= TASK =
In the entries below, begin at the line with "耳もとに寄り添うカボションに" and stop after the line with "履約周期的履約完成率為 99.5%,也表示著我國全國碳排放權交易 市場運作的良好開端。2022"; output those lines exactly and omit the pictures.

= INFORMATION SUPPLIED =

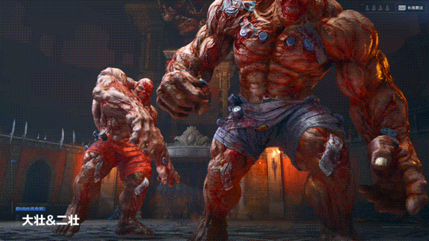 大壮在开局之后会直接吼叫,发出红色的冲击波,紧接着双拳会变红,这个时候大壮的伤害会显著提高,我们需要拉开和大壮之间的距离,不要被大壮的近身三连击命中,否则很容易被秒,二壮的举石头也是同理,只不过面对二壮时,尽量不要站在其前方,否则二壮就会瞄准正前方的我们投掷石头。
--
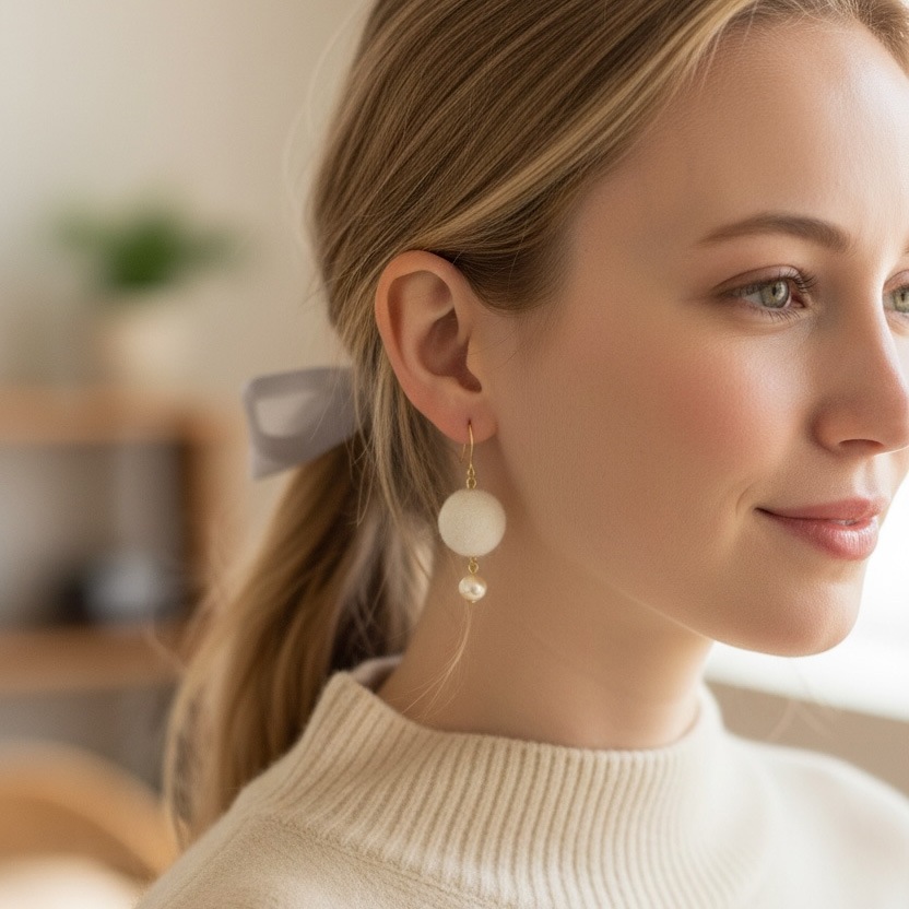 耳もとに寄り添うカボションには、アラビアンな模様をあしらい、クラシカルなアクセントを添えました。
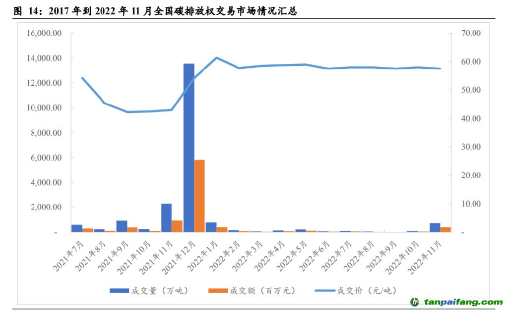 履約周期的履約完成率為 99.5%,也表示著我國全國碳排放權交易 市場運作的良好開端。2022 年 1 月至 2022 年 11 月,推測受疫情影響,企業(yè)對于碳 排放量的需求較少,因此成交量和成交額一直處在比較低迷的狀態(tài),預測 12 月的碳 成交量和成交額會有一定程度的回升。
---
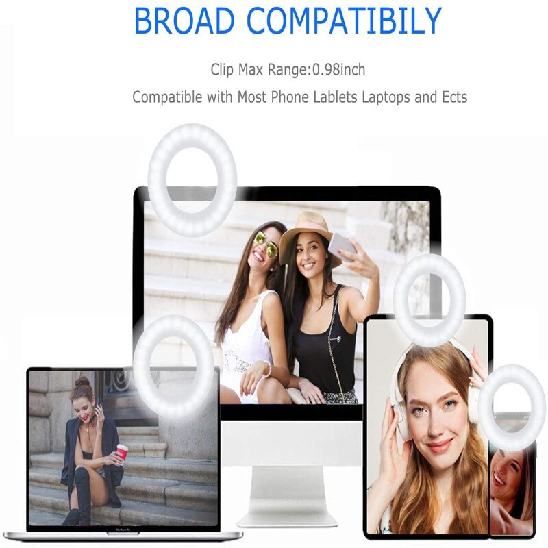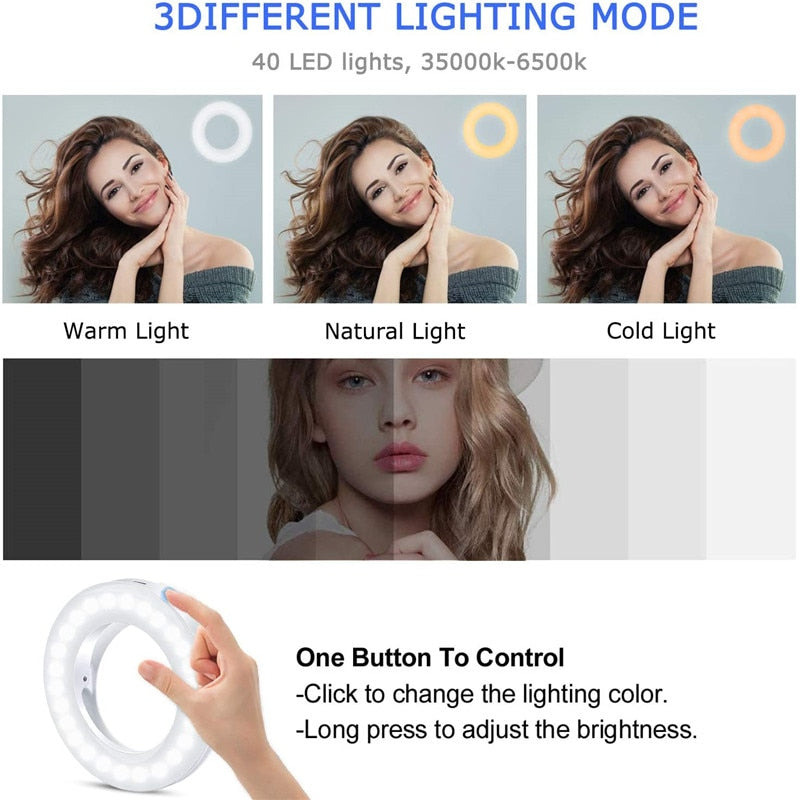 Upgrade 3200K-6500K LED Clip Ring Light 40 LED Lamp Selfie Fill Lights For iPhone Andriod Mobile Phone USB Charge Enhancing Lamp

= RESULT OF THE TASK =
 耳もとに寄り添うカボションには、アラビアンな模様をあしらい、クラシカルなアクセントを添えました。
 履約周期的履約完成率為 99.5%,也表示著我國全國碳排放權交易 市場運作的良好開端。2022 年 1 月至 2022 年 11 月,推測受疫情影響,企業(yè)對于碳 排放量的需求較少,因此成交量和成交額一直處在比較低迷的狀態(tài),預測 12 月的碳 成交量和成交額會有一定程度的回升。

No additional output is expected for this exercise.